__EXERCISE DESCRIPTION__
Without the pictures, give the entries below again exactly as written.

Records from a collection
-=-=-

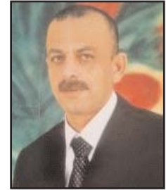
بقلم: فتحي أحمد

الطغمة الحاكمة في إسرائيل، من ضمنها ما تفوه به نتياهو حول القدس وأحقية الصهاينة فيها، وما جاء به بن غفير خلال جولته في باحات المسجد الأقصى حيث قال: نحن المسؤولون هنا.
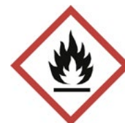
Figur 13. Varningsskylt brandfarlig vara 21 .
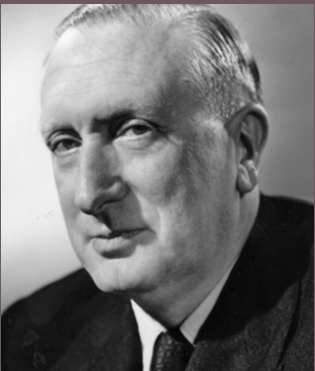
William Walton (1902–1983) composição

Compositor inglês de destaque, William Walton foi considerado um dos principais nomes entre as gerações de Vaughan Williams e Benjamin Britten, reconhecido pela música orquestral, trilhas para cinema e obras vocais. Autodidata, conviveu com os irmãos Sitwell e compôs peças como Façade , Concerto para Viola , A Festa de Belsazar e as óperas Troilo e Créssida e O Urso . Foi influenciado por Elgar, Stravinsky e Hindemith. Em 1951, recebeu o título de cavaleiro.
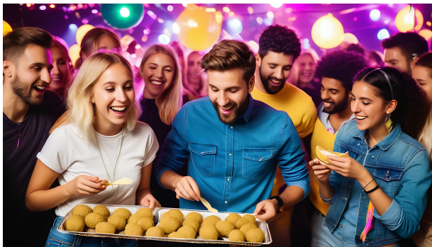
Figur 1: Schlarad-jobbare äter sina falafelrullar. Bild rekonstruerad i efterhand
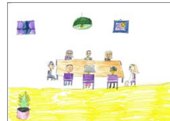
Zato se često sastaju i pričaju o tome kako urediti našu državu što bolje.
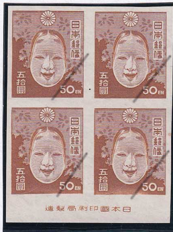
53-02 1次新昭和50円 NH 未使用 246a ¥44,000
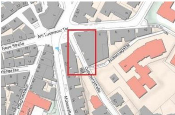
Kartenausschnitt: Universitätsstadt Tübingen/swt

-=-=-

__EXERCISE OUTPUT__
بقلم: فتحي أحمد

الطغمة الحاكمة في إسرائيل، من ضمنها ما تفوه به نتياهو حول القدس وأحقية الصهاينة فيها، وما جاء به بن غفير خلال جولته في باحات المسجد الأقصى حيث قال: نحن المسؤولون هنا.
Figur 13. Varningsskylt brandfarlig vara 21 .
William Walton (1902–1983) composição

Compositor inglês de destaque, William Walton foi considerado um dos principais nomes entre as gerações de Vaughan Williams e Benjamin Britten, reconhecido pela música orquestral, trilhas para cinema e obras vocais. Autodidata, conviveu com os irmãos Sitwell e compôs peças como Façade , Concerto para Viola , A Festa de Belsazar e as óperas Troilo e Créssida e O Urso . Foi influenciado por Elgar, Stravinsky e Hindemith. Em 1951, recebeu o título de cavaleiro.
Figur 1: Schlarad-jobbare äter sina falafelrullar. Bild rekonstruerad i efterhand
Zato se često sastaju i pričaju o tome kako urediti našu državu što bolje.
53-02 1次新昭和50円 NH 未使用 246a ¥44,000
Kartenausschnitt: Universitätsstadt Tübingen/swt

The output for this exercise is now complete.